Саша же, не поднимая головы, всё продолжает бормотать: „Маму надо любить… маму надо любить…“
Щербаков, ошалело посмотрел на нас и… отпустил. До времени».
В своих отношениях со Сталиным Мих. Ал. держал себя независимо. Был такой случай, что Иосиф Виссарионович назначил ему свидание, а он за час до этого сел на поезд и уехал к себе в Вёшки, не пожелав встречаться.
В ночь с 20 на 21 февраля 84 г. Шолохов в 1.30 позвал жену:
— Маня…
Она подошла. Он сказал:
— Прости, что разбудил. Через 10 минут я умру.
Так и произошло. Он умер от рака гортани. Когда его клали в гроб, он походил на ребёнка. В нём осталось 45 кг. Похоронить себя он приказал во дворе возле их дома[3] .
За довольно длинную литературную жизнь я встречался со многими коллегами. С кем-то становился поближе, кто-то проходил «по касательной».
Ленинградец Михаил Слонимский мне пришёлся по душе своей интеллигентностью, правдивостью. Я бывал у него в доме № 97 на Мойке, переписывался. В 1954 году на Втором съезде писателей СССР (где я был делегатом) Мих. Слонимский познакомил меня со своим другом ещё по «Серапионовым братьям» — Константином Паустовским. Тот сидел в буфете Колонного зала и пил кефир. Внешне походил на неприметного счетовода.
Вообще странные вещи происходили во время этого съезда: если в зале выступал неинтересный оратор, коридоры заполнялись сотнями братьев-писателей. Но стоило услышать объявление, что сейчас выступит Валентин Овечкин, или Илья Эренбург, или Фёдор Гладков, как все из коридоров возвращались в зал. Гардеробщица недоумённо сказала мне:
— Никак не пойму, когда у них перерыв, а когда нет.
Был очередной «отток» из зала: выступал товарищ из Казахстана и все усилия свои сводил к тому, чтобы назвать имена всех товарищей по организации — не дай бог кого-то не упомянет. К концу заседания, как говорили в кулуарах, «те, кого упомянули, уж давным-давно уснули (дома), а кого не поминали — всё ещё томились в зале».

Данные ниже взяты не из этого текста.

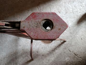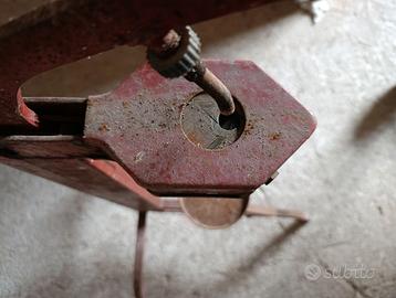 TAPPATRICE MANUALE A COLONNA PER TAPPI DI SUGHERO 75X70cm H 90cm. Struttura in metallo verniciato rosso. Base stabile a tre gambe. Leva di azionamento. Piattaforma per bottiglia regolabile in altezza. Perfettamente funzionante. Ottima anche come decorazione per taverna ecc. Prezzo trattabile. Ritiro a Gualdo Tadino. Spedizione 33€

Так вот, был такой очередной отток. Мих. Слонимский подвёл меня в буфете к столику, за которым сидел Паустовский, и представил: «Это мой друг», а сам ушёл. Паустовский предложил мне сесть рядом с ним. Через пять минут мне было ясно, почему Константин Георгиевич никакой не лауреат: он говорил то, что думал, не заботясь о последствиях для себя. Паустовскому оказалось достаточно узнать, что я друг его друга, чтобы он тут же сообщил мне:
— Ненавижу софроновщину как явление. Как серятину, тянущую в литературу серятину.
В это время к Паустовскому подошла Вера Инбер и подарила ему свою только что вышедшую книгу «Как я была маленькая». Успел прочитать её автограф:
«К. Г. Паустовскому — прозаику, но поэту».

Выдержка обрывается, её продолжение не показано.